VwGH vom 22.01.2014, 2013/22/0313
Betreff
Der Verwaltungsgerichtshof hat durch die Vorsitzende Senatspräsidentin Dr. Bernegger und die Hofräte Dr. Robl, Mag. Feiel, Dr. Mayr und Dr. Schwarz als Richter, im Beisein der Schriftführerin Mag. Perauer, über die Beschwerde des E, vertreten durch die Specht Böhm Rechtsanwalt GmbH in 1010 Wien, Teinfaltstraße 8, gegen den Bescheid des Unabhängigen Verwaltungssenates Wien vom , Zl. UVS-FRG/47/15862/2012-6, betreffend Zurückweisung einer Berufung in einer Angelegenheit nach dem Fremdenpolizeigesetz 2005 (weitere Partei: Bundesministerin für Inneres), zu Recht erkannt:
Spruch
Der angefochtene Bescheid wird wegen Rechtswidrigkeit seines Inhaltes aufgehoben.
Der Bund hat dem Beschwerdeführer Aufwendungen in der Höhe von EUR 1.106,40 binnen zwei Wochen bei sonstiger Exekution zu ersetzen.
Begründung
Mit Bescheid vom erließ die Bundespolizeidirektion Wien gegen den Beschwerdeführer, einen türkischen Staatsangehörigen, im Hinblick auf dessen strafgerichtliche Verurteilung vom gemäß § 63 Abs. 1 und Abs. 2 iVm § 53 Abs. 3 Z 1 Fremdenpolizeigesetz 2005 (FPG) ein auf die Dauer von zehn Jahren befristetes Aufenthaltsverbot. Dieser Bescheid wurde am selben Tag ohne vorausgehenden Zustellversuch gemäß § 8 Abs. 2 iVm § 23 Zustellgesetz (ZustG) bei der Behörde hinterlegt; am wurde der Bescheid dem Beschwerdeführer persönlich ausgefolgt.

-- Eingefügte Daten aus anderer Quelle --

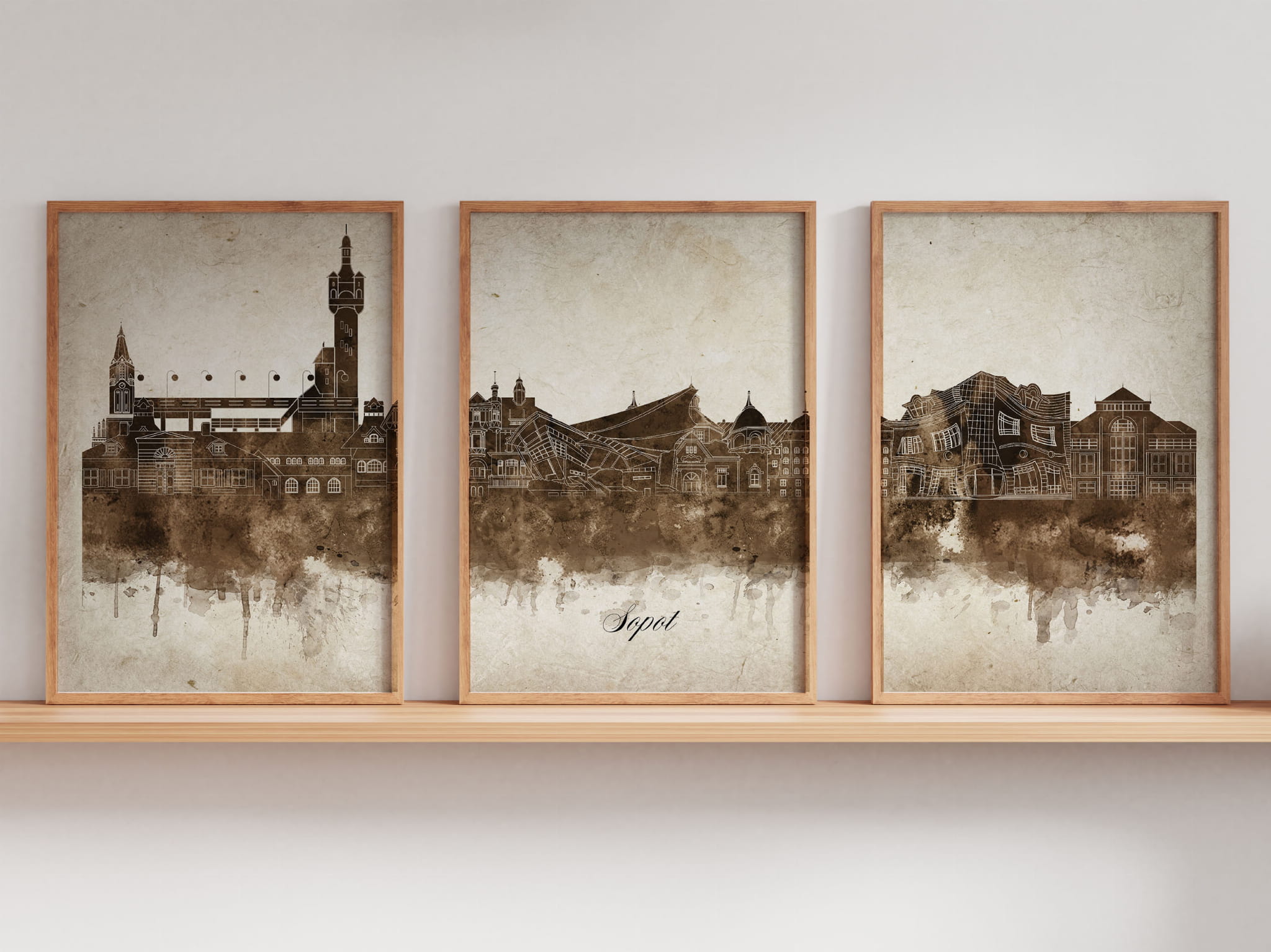 Tryptyk Skylines Sopot w stylu Vintage, Styl akwarelowy
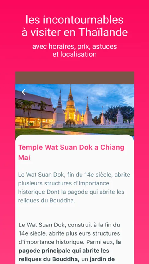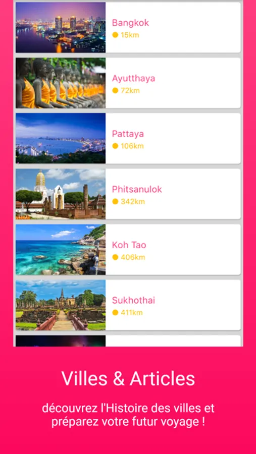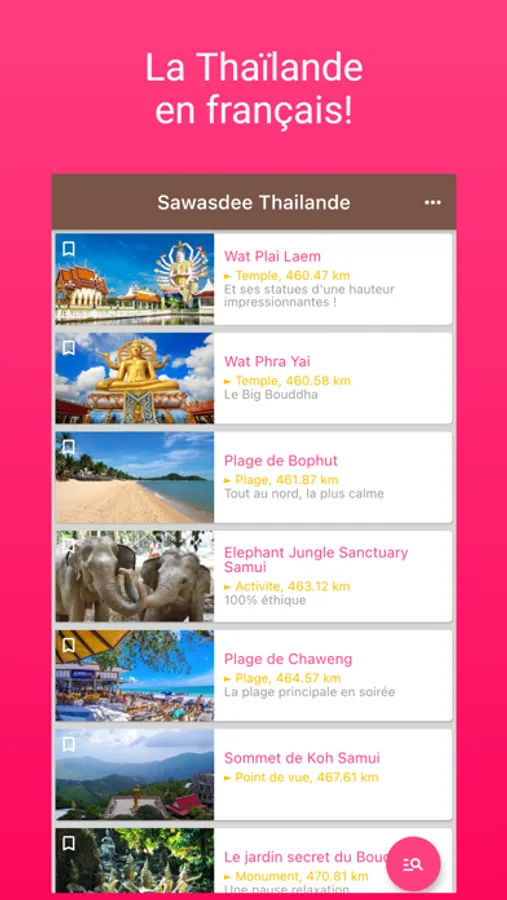 Les principaux lieux à visiter sont géolocalisés et apparaissent donc en fonction de la distance.
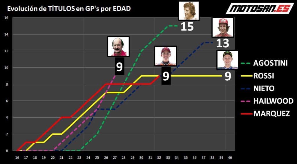 Valentino Rossi, Mike Hailwood y Marc Márquez comparten nueve títulos, pero cada uno los alcanzó siguiendo caminos muy distintos. Rossi los repartió a lo largo de una carrera larguísima y transversal a varias generaciones. Hailwood destacó por una versatilidad técnica extraordinaria, capaz de ganar en contextos y motos muy diferentes. Márquez, en cambio, los concentró en una primera etapa de su carrera marcada por un dominio inmediato.
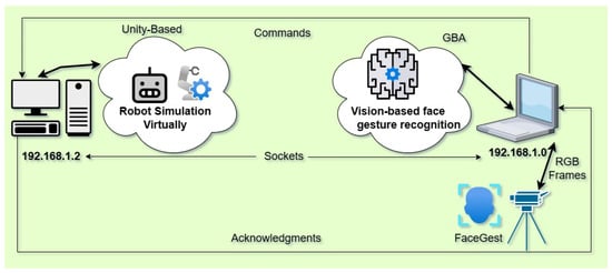 In summary, while these Transformer- and attention-based methods achieve high accuracy, they often suffer from high computational cost, limited generalization to unconstrained environments, and challenges for real-time HCI deployment. Significant progress has been made in both sensor-assisted and vision-based FGR. Still, real-time deployment in interactive systems, especially in immersive environments, remains challenging due to factors such as varying lighting, diverse user characteristics, and the need for low-latency inference [3,6,26]. To advance the state of the art in practical applications, we propose GBA, a lightweight vision-based FGR system integrated into a 3D Unity simulation environment for real-time robot control. The system operates without specialized sensors, mapping recognized facial gestures to control commands transmitted over network sockets between machines, enabling a seamless and contactless human–robot interaction experience.
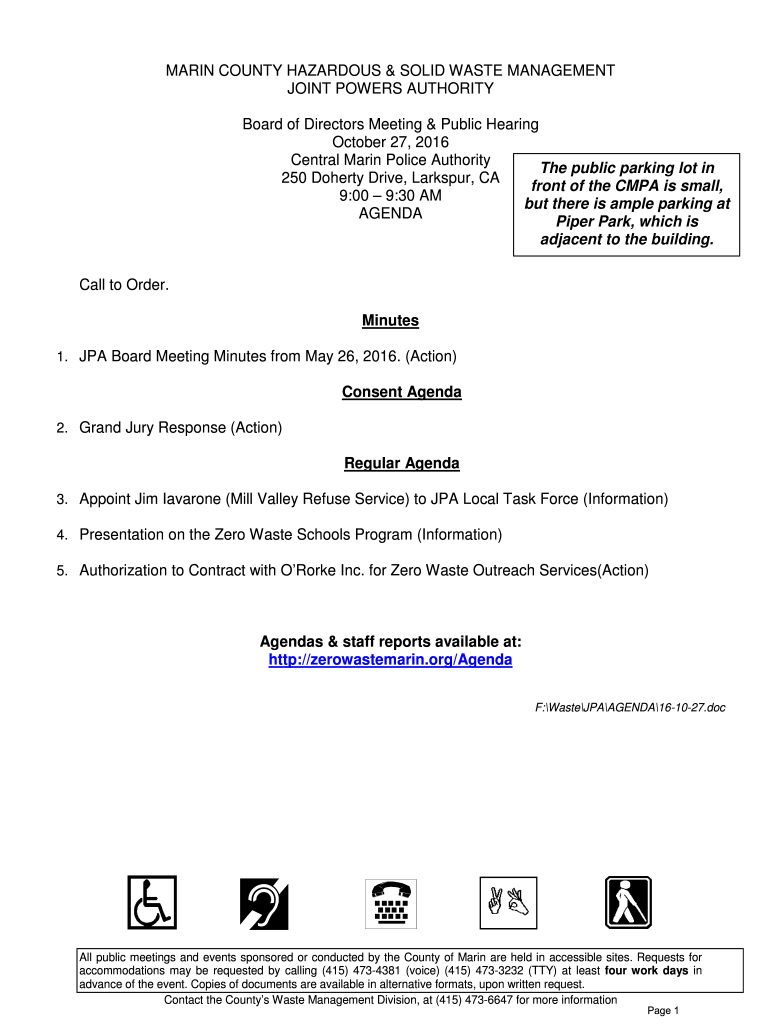 MARIN COUNTY HAZARDOUS & SOLID WASTE MANAGEMENT JOINT POWERS AUTHORITY Board of Directors Meeting & Public Hearing October 27, 2016, Central Marin Police Authority The public parking lot in 250 Doherty
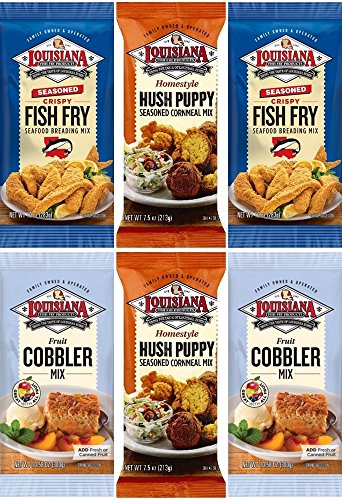 LA Fish Fry Products, Seasoned Fish Fry, Hush Puppy & Cobbler Mix Treat (Pack of 6)
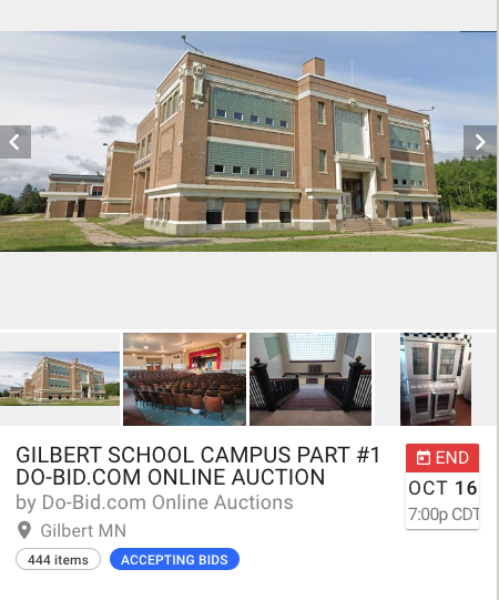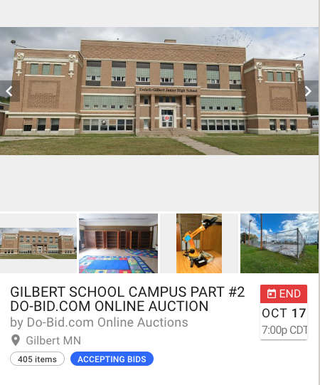 To get to the Gilbert School Campus Auctions and register, please go to www.do-bid.com and click on either auction as pictured here. When you enter the auction, click on ITEM #0A/0B (Auction #1) and/or ITEM #0/#426 (Auction #2) for details about Preview Dates, Payment Terms, and the Load Out/Pick Up Dates for any item won. Please feel free to pass this information on to others who may be interested!
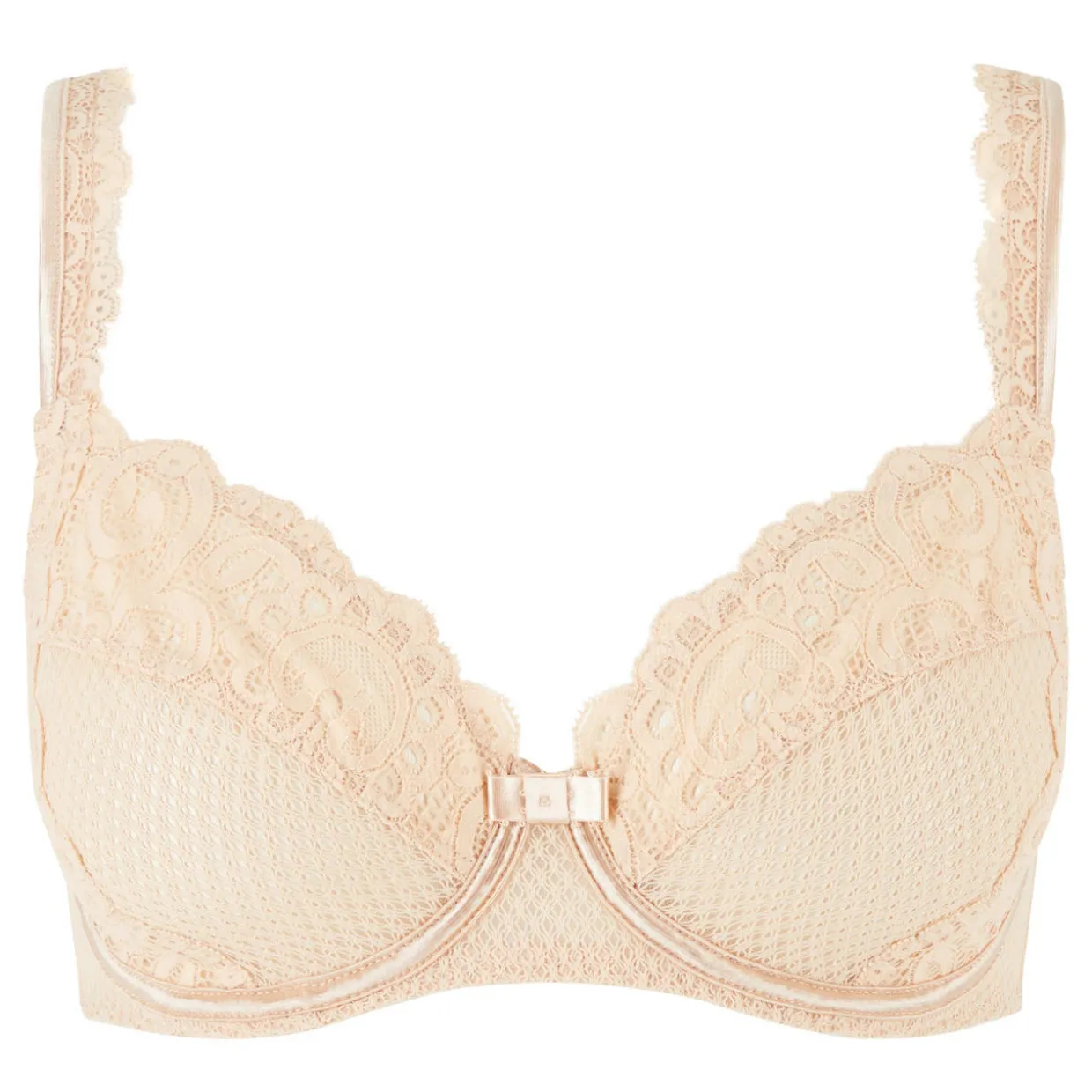 - Floral embroidery, underwired, soft cup bra, lace trims, hook-and-eye fastening, adjustable straps.
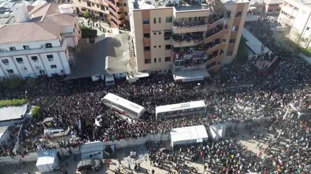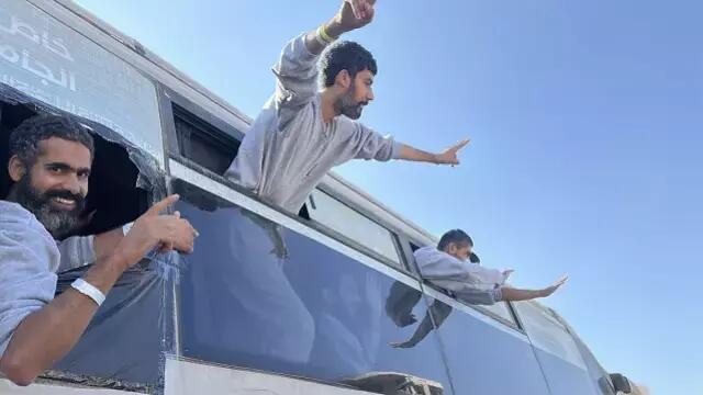 Milli.Az xarici mətbuata istinadən xəbər verir ki, azad edilən əsirlər Beynəlxalq Qızıl Xaç Komitəsinin vasitəçiliyi ilə Kerem Əbu Salim sərhəd-keçid məntəqəsindən avtobuslarla Qəzzəyə gətirilib.

Mit Schriftsatz vom erhob der Beschwerdeführer Berufung gegen diesen Bescheid.
Mit dem angefochtenen Bescheid wies die belangte Behörde die Berufung - nach Durchführung einer mündlichen Verhandlung - gemäß § 66 Abs. 4 iVm § 63 Abs. 5 AVG als verspätet zurück.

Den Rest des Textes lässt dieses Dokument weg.